▸ WHAT THE TASK ASKS:
Where does the word "type" appear in the data? Copy every line that holds it.

(Records from a data source)
= = = = = = =

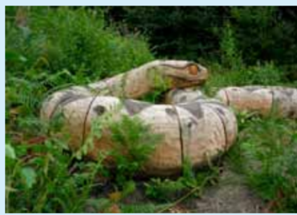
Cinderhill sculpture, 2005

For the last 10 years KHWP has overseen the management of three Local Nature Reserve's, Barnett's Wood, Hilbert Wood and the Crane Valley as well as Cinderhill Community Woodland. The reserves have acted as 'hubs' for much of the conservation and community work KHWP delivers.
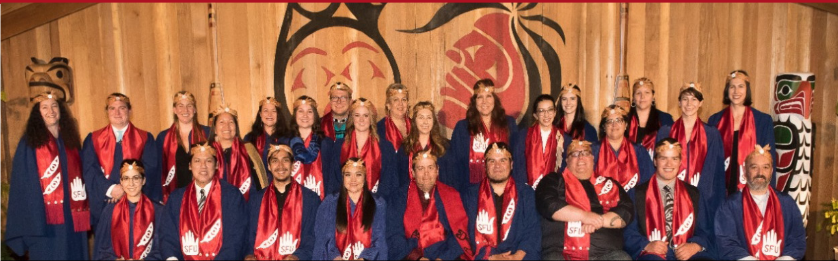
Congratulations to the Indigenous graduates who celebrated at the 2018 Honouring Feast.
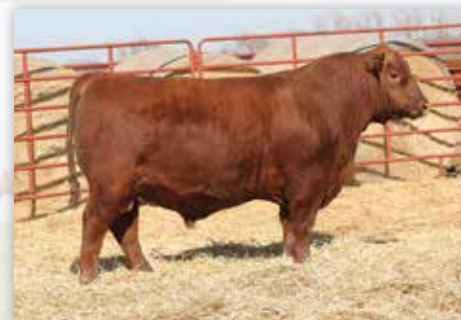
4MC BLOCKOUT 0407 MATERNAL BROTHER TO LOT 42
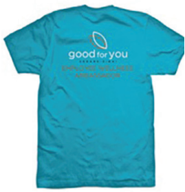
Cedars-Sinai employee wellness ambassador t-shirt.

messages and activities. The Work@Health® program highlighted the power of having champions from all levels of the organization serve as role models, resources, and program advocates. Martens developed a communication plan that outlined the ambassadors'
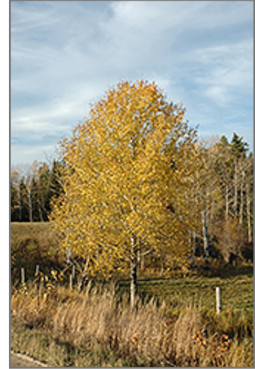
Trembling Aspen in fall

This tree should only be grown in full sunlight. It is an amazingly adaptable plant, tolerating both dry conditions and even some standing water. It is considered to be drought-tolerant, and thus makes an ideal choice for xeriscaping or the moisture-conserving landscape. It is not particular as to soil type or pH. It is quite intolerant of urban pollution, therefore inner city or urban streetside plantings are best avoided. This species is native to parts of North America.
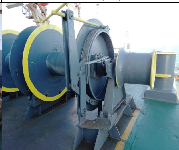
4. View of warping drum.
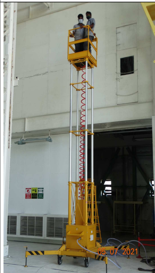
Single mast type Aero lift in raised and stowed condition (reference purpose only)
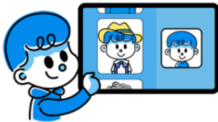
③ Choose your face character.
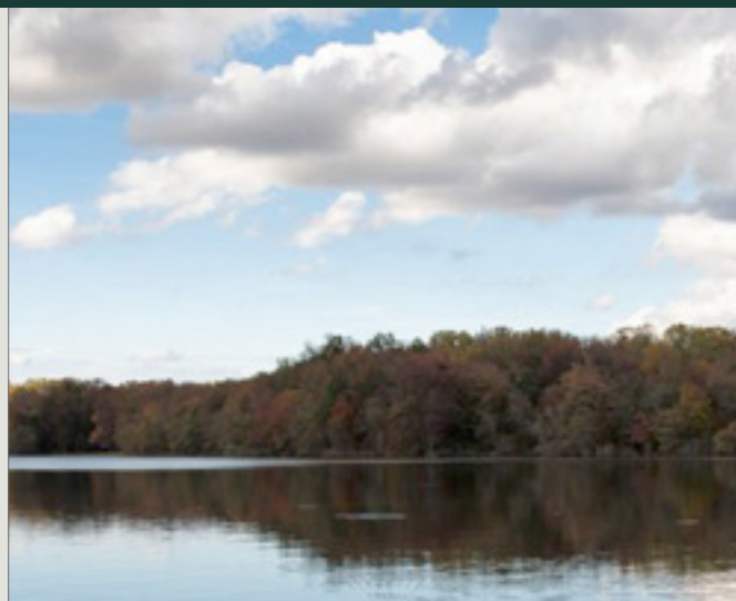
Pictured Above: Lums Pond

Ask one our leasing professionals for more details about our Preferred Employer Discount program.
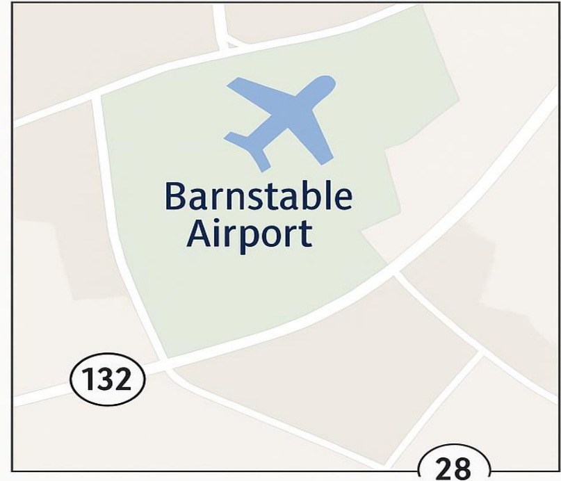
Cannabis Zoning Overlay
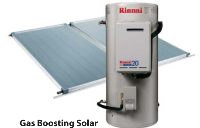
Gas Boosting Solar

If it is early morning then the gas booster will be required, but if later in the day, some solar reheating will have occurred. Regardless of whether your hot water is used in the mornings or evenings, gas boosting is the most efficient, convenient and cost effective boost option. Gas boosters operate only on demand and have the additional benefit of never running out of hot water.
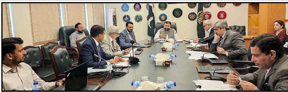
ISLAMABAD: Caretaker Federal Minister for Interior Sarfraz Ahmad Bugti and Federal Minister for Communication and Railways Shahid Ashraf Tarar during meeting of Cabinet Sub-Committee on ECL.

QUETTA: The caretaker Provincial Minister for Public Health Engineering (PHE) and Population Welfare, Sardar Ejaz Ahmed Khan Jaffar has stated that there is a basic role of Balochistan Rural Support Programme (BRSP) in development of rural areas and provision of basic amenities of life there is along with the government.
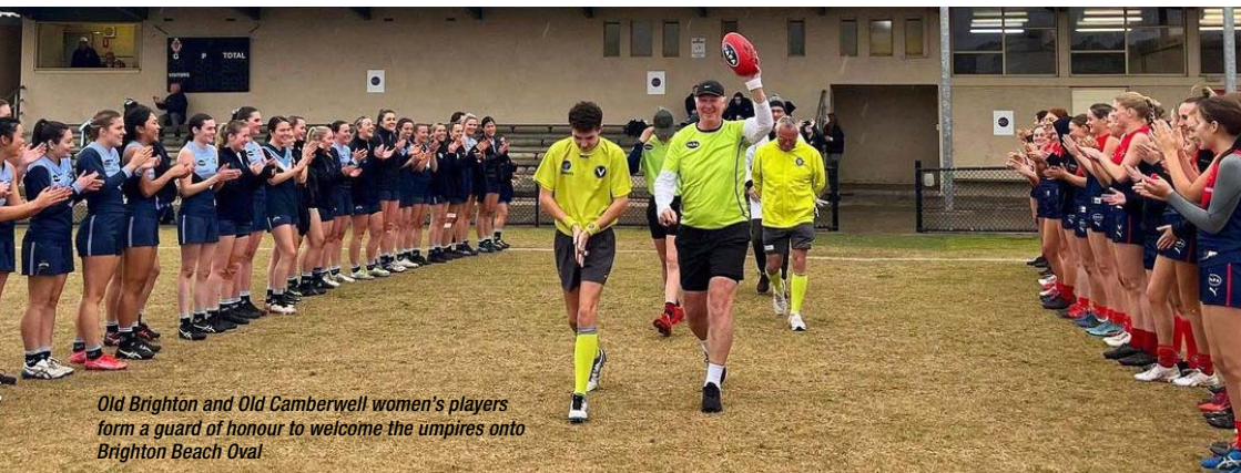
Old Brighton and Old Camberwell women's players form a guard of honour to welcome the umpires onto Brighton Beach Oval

= = = = = = =

▸ SOLUTION FOR THIS PROBLEM:
This tree should only be grown in full sunlight. It is an amazingly adaptable plant, tolerating both dry conditions and even some standing water. It is considered to be drought-tolerant, and thus makes an ideal choice for xeriscaping or the moisture-conserving landscape. It is not particular as to soil type or pH. It is quite intolerant of urban pollution, therefore inner city or urban streetside plantings are best avoided. This species is native to parts of North America.
Single mast type Aero lift in raised and stowed condition (reference purpose only)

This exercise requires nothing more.